IBM today announced that the company will split into two, moving the Managed Infrastructure Services portion of IBM Global Technology Services into a new cloud-focused corporation tentatively called "NewCo" by the end of 2021. NewCo would also have a greater focus on AI, presumably through a distributed computing model rather than traditional hardware sales. The Technology Support Services piece of GTS that addresses data centre, hardware and software support would remain part of "old" IBM, along with Red Hat and presumably the R&D folks responsible for working on Power ISA like the great people at OzLabs.

It is interesting that this move was predicted as early as February, and a split in itself only means that a combined business strategy no longer makes sense for these units. But chairwoman Ginni Rometty missed the boat on cloud early, and despite the hype in IBM's investor release over the new company, "NewCo" is really the "old" services-oriented IBM with a fresh coat of paint that was a frequent source of layoffs and cost-cutting manoeuvres over the years. There are probably reasons for this, not least of which their hidebound services-first mentality that wouldn't sell yours truly a brand new POWER7 in 2010 even when I had a $15,000 personal budget for the hardware because I didn't (and don't: the used POWER6 I bought instead is self-maintained) need their services piece. As a result I wasn't apparently worth the sale to them, which tells you something right there: today's growth is not in the large institutional customers that used to be IBM's bread and butter but rather in the little folks looking for smaller solutions in bigger numbers, and Rometty's IBM failed to capitalize on this opportunity. In my mind, today's split is a late recognition of her tactical error.

Presumably the new company would preferentially use "OldCo" hardware and recommend "OldCo" solutions for their service-driven hybrid buildouts. But "OldCo" makes most of its money from mainframes, and even with robust virtualization options mainframes as a sector aren't growing. Although IBM is taking pains to talk about "one IBM" in their press release, that halcyon ideal exists only as long as either company isn't being dragged down by the other, and going separate directions suggests such a state of affairs won't last long.

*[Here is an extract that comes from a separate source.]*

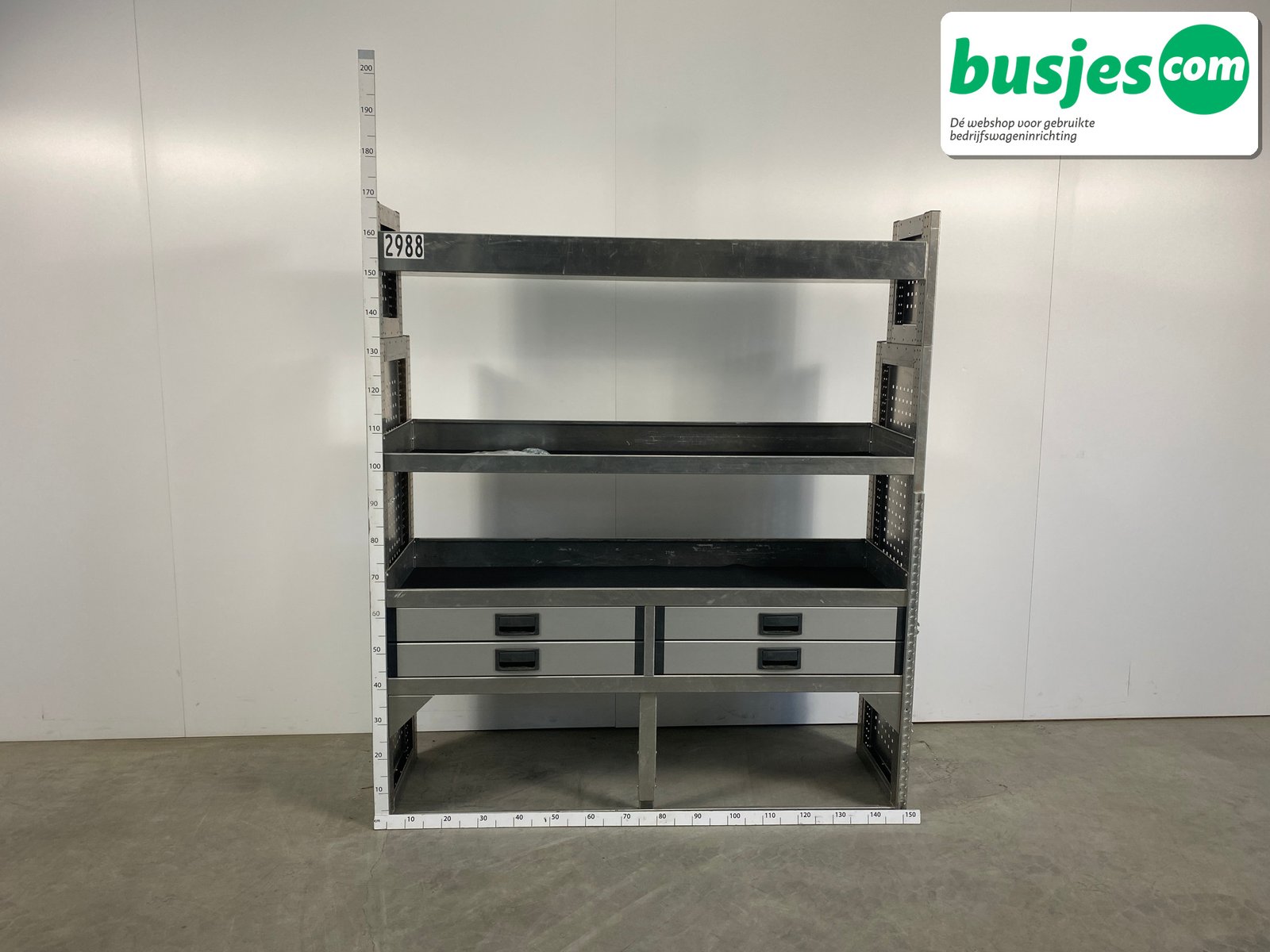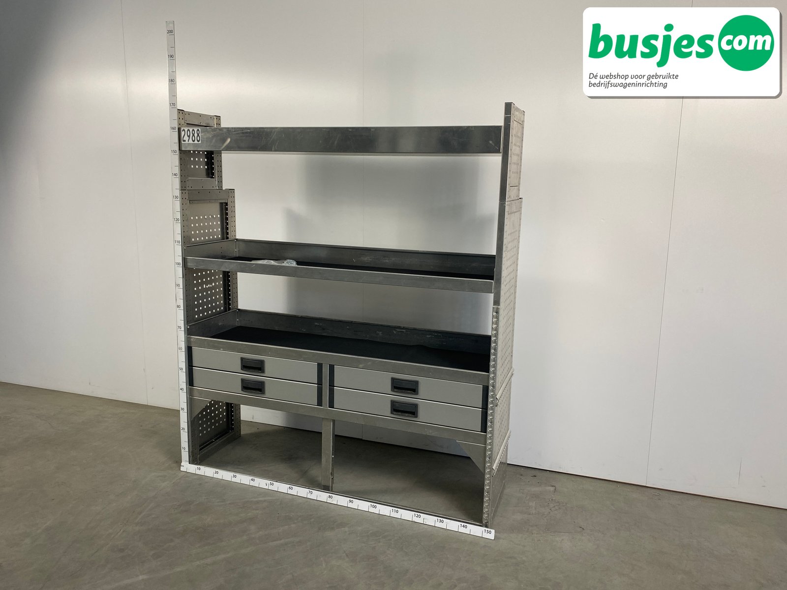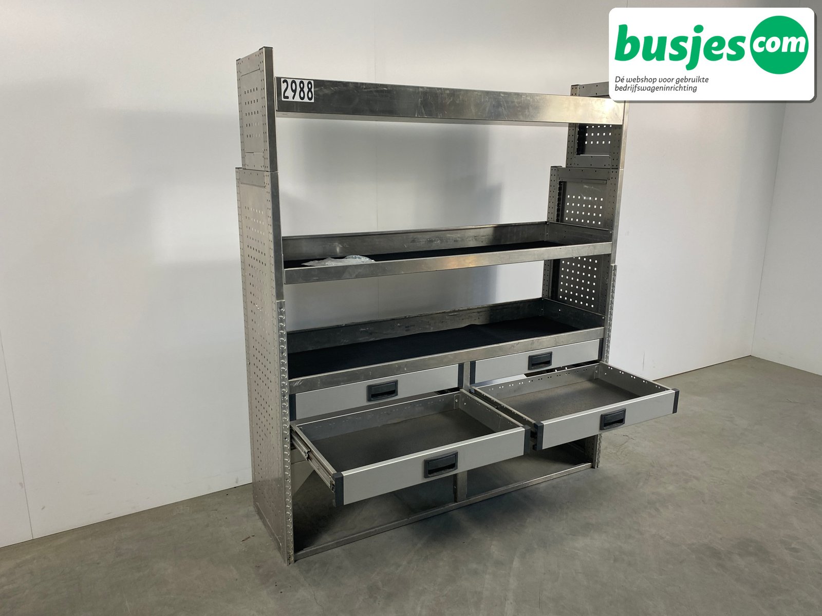 👉 Belangrijk: dit is een gebruikte inrichting. De staat is goed, maar check de afmetingen goed. Meet je voertuig zelf na of laat het doen, zodat je zeker weet dat het past.

What does this mean to us in OpenPOWER land? Well, we were only ever a small part of the equation, and even with a split this won't increase our influence on "OldCo" much. Though IBM still makes good money from Power ISA and there's still a compelling roadmap, us small individual users will need to continue making our voices heard through the OpenPOWER Foundation and others, and even if IBM chooses not to emphasize individual user applications (and in fairness they won't, because we're not where the money is), they still should realize the public relations and engineering benefits of maintaining an open platform and not get in the way of downstream vendors like Raptor attempting to capitalize on the "low-end" (relatively speaking) market. If spinning off MIS gets IBM a better focus on hardware and being a good steward of their engineering resources, then I'm all for it.

Where did the 64K page size come from?

Lots of people were excited by the news over Hangover's port to ppc64le, and while there's a long way to go, the fact it exists is a definite step forward to improving the workstation experience on OpenPOWER. Except, of course, that many folks (including your humble author) can't run it: Hangover currently requires a kernel with a 4K memory page size, which is the page size of the majority of extant systems (certainly x86_64, which only offers a 4K page size). ppc64 and ppc64le can certainly run on a 4K page size and some distributions do, yet the two probably most common distributions OpenPOWER users run — Debian and Fedora — default to a 64K page size.

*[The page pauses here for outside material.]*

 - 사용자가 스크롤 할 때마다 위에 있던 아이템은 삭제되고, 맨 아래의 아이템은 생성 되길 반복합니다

And there's lots of things that glitch and have glitched when userspace makes assumptions about this. Besides Hangover, Firefox used to barf on 64K pages (on aarch64 too), and had an issue where binaries built on one page size wouldn't work on systems with a different one. (This also bit numpy.) Golang and the runtime used to throw fatal errors. The famous nouveau driver for Nvidia GPUs assumes a 4K page size, and the compute-only binary driver that does exist (at least for POWER8) cheats by making 64K pages out of 16 copies of the "actual" 4K page. btrfs uses a filesystem page size that mirrors that of the host's page size on which it was created. That means if you make a btrfs filesystem on a 4K page size system, it won't be readable on a 64K page system and vice versa (this is being fixed, but hasn't been yet).

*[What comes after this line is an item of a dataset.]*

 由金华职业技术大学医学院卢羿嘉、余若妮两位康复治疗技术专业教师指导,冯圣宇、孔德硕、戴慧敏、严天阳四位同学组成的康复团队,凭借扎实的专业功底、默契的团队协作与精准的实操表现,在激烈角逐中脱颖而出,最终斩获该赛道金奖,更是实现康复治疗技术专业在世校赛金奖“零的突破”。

With all these problems, why have a 64K page size at all, let alone default to it? There must be some reason to use it because ppc64(le) isn't even unique in this regard; many of those bugs related to aarch64 which also has a 64K page option. As you might guess, it's all about performance. When a virtual memory page has to be attached to a process or mapped into its addressing space, a page fault is triggered and has to be handled by the operating system. Sometimes this is minor (it's already in memory and just has to be added to the process), sometimes this is major (the page is on disk, or swapped out), but either way a page fault has a cost. 64-bit systems naturally came about because of the need for larger memory addressing spaces, which benefits big applications like databases and high-performance computing generally, and these were the tasks that early 64-bit systems were largely used for. As memory increases, subdividing it into proportionally larger pieces thus becomes more performance-efficient: when the application faults less, the application spends more time in its own code and less in the operating system's.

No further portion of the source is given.